Records from a collection
::::

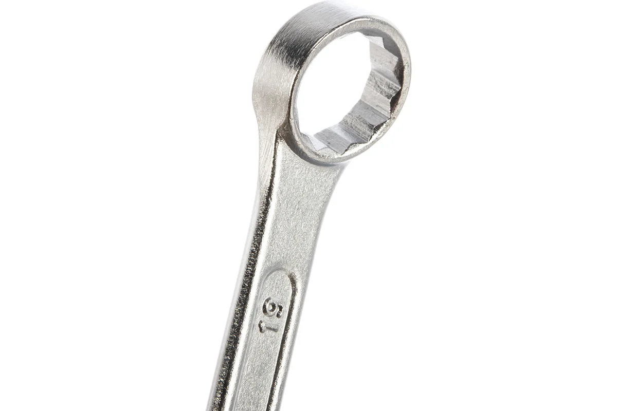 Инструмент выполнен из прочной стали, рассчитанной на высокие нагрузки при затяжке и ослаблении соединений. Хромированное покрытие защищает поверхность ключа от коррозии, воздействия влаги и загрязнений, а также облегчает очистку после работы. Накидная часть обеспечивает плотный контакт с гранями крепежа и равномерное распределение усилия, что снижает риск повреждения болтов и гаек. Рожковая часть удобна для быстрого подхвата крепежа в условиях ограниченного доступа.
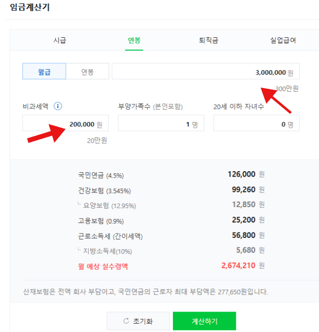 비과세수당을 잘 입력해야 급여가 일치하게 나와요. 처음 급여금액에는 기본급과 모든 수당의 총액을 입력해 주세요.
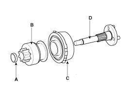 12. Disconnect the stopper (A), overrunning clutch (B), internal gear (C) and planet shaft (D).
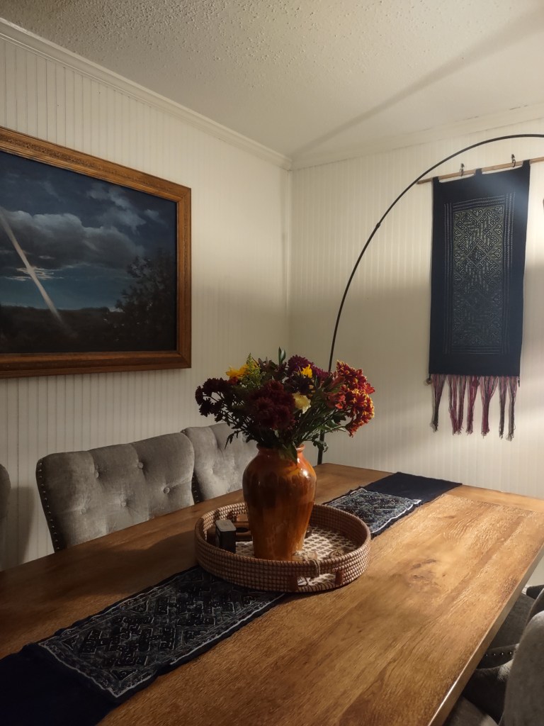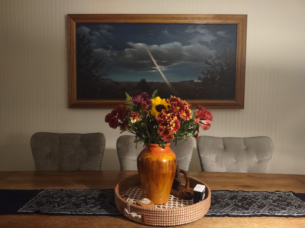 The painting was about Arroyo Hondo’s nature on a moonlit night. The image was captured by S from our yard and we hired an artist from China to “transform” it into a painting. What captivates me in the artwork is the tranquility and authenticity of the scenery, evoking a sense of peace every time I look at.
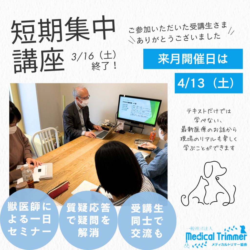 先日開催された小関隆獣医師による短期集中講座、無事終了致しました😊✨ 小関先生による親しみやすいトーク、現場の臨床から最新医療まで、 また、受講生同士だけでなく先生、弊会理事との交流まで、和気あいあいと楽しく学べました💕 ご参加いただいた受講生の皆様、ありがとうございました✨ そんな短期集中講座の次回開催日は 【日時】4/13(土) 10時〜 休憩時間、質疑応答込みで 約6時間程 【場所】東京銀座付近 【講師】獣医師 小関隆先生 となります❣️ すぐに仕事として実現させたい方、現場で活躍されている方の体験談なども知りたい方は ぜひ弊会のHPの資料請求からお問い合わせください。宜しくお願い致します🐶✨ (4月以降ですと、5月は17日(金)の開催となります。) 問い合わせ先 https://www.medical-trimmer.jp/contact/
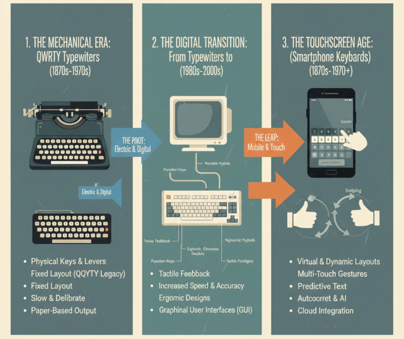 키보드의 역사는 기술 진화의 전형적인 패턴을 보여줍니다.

::::

Problem statement:
Every entry above needs to be copied exactly, and no pictures go with it.

Answer for the task:
 Инструмент выполнен из прочной стали, рассчитанной на высокие нагрузки при затяжке и ослаблении соединений. Хромированное покрытие защищает поверхность ключа от коррозии, воздействия влаги и загрязнений, а также облегчает очистку после работы. Накидная часть обеспечивает плотный контакт с гранями крепежа и равномерное распределение усилия, что снижает риск повреждения болтов и гаек. Рожковая часть удобна для быстрого подхвата крепежа в условиях ограниченного доступа.
 비과세수당을 잘 입력해야 급여가 일치하게 나와요. 처음 급여금액에는 기본급과 모든 수당의 총액을 입력해 주세요.
 12. Disconnect the stopper (A), overrunning clutch (B), internal gear (C) and planet shaft (D).
 The painting was about Arroyo Hondo’s nature on a moonlit night. The image was captured by S from our yard and we hired an artist from China to “transform” it into a painting. What captivates me in the artwork is the tranquility and authenticity of the scenery, evoking a sense of peace every time I look at.
 先日開催された小関隆獣医師による短期集中講座、無事終了致しました😊✨ 小関先生による親しみやすいトーク、現場の臨床から最新医療まで、 また、受講生同士だけでなく先生、弊会理事との交流まで、和気あいあいと楽しく学べました💕 ご参加いただいた受講生の皆様、ありがとうございました✨ そんな短期集中講座の次回開催日は 【日時】4/13(土) 10時〜 休憩時間、質疑応答込みで 約6時間程 【場所】東京銀座付近 【講師】獣医師 小関隆先生 となります❣️ すぐに仕事として実現させたい方、現場で活躍されている方の体験談なども知りたい方は ぜひ弊会のHPの資料請求からお問い合わせください。宜しくお願い致します🐶✨ (4月以降ですと、5月は17日(金)の開催となります。) 問い合わせ先 https://www.medical-trimmer.jp/contact/
 키보드의 역사는 기술 진화의 전형적인 패턴을 보여줍니다.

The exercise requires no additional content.